Ghazal 160, Verse 1


ko))ii din gar zindagaanii aur hai
apne jii me;N ham ne ;Thaanii aur hai

1) if for some few days there is more/further life
2) in our inner-self we have resolved/decided something else!


;Thaan'naa : 'To fix or settle (in the mind), to resolve, determine on; to be intent on, set the heart upon'. (Platts p.361)


[1864, to Junun:] There's no difficulty in this. The words are the meaning. Why should the poet tell his purpose, and what he will do? Mysteriously he says, 'I will do something'. God knows whether he will become a Faqir and make his abode in the city, or on the outskirts of the city; or leave the country and go off to another country. (Arshi 313)

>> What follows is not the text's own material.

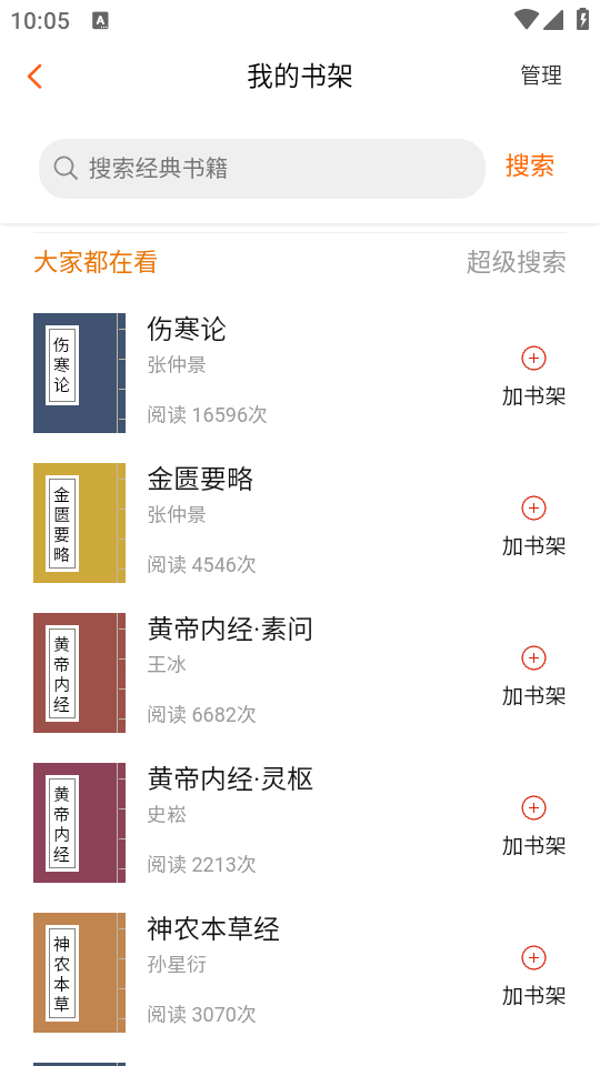 6、在我的书架中可以搜索各种经典书籍,一键加到书架中。

==Urdu text: Khaliq Anjum vol. 4, p. 1514, omits it; but it appears in Ghulam Rasul Mihr, ;xu:tuu:t-e ;Gaalib , vol. 2, p. 739.
==another trans.: Russell and Islam, p. 302
==another trans.: Daud Rahbar, p. 270


The excellence of the construction and the pleasure of the idiom have carried this verse along; otherwise, someone like Ghalib is not unaware that 'to keep a private matter to oneself alone' [jii kii baat jii hii me;N rakhnaa] is called [in Arabic] 'meaning internal to the poet' [al-ma((nii fi))l-baa:tin ash-shaa((ir]. From this verse one ought to take the lesson that for the sake of beauty of construction and pleasure of language, the elders accept even weakness of meaning. (172)

== Nazm page 172

Bekhud Mohani:

If we would live for some days more, then we will not seek to renounce love.... From jii me;N ham ne ;Thaanii aur hai we learn that he feels ashamed to express the thought of renouncing love, and feels regret. And from this another matter emerges as well-- that he also doesn't express his intention because perhaps the renunciation of love might not be able to take place, and people would sneer: 'You used to say this!'. (307)


[See his commentary on M{31,6}.]



To have such a sophisticated analysis from the poet himself-- what a rare pleasure! The whole point, as Ghalib notes, is that the lover is muttering dark threats, and not making them explicit. Very possibly he himself doesn't know what he's planning to do, but people are often wont to comfort themselves by muttering ominous but vague threats (often safely under their breath).

This is also a textbook case of clever use of the two meanings of aur : in the first line it means 'more of the same', in the second line it means 'something different'. Our pleasure in this combination of identity (the same word) and diametrical opposition (the meanings) is a real part of the delight of the verse.

Nazm's complaint about 'private meanings' echoes the one he makes in {1,1}, but in the case of this verse it is less severe (because he so admires the idiomatic structure of the verse).

For more on the idiomatic ko))ii din aur , see {66,1}.

Compare Mir's version of dark muttering, with a slightly more specific threat: M{1374,9}.